AboutTed Nesbitt Expertise I am the bibliographic instruction and reference librarian at a public college. Some members of the English department recommend me to their students. I offer assistance in grammar, punctuation, sentence structure, and paragraph development. My master`s thesis concerns William Faulkner`s tragic novels. I formerly taught advanced placement English at two schools in the Philadelphia area.
Question A friend made a post on a message board saying that someone was "Stupider" than someone else... and reading it, I thought the proper way to express that would be to use "More stupid".
Apparently "Stupider" is a word according to dictionary.com, but is "more stupid" also correct?
Thanks for your time & help!
-Eric AiXeLsyD
eric@aixelsyd.com
Answer Eric:
Ther are many words in the dictionary that I would avoid. "Stupider" is one of them. Just pronouncing it is awkward.
You, however, are RIGHT on target. The preferred way of expressing this idea is "more stupid."

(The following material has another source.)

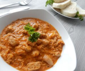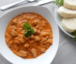 Segedínský guláš podáváme s houskovým knedlíkem.

"The Heath Handbook" has a list of the preferred comparative and superlative forms of adjectives and adverbs. The handbook's rule of thumb is that, if a word is one syllable, use "er" and "est," as in "tall, taller, and tallest."
But . . . "Many adjectives of two syllables and all longer adjectives form the comparative and superlative by adding "more" and "most."
Examples: alert more alert most alert
ambitious more ambitious most ambitious
I suppose your friend would choose "alerter" and "alertest," but he would be in a "peculiar" minority.
Have him try to pronounce "ambitiouser" and "ambitiousest."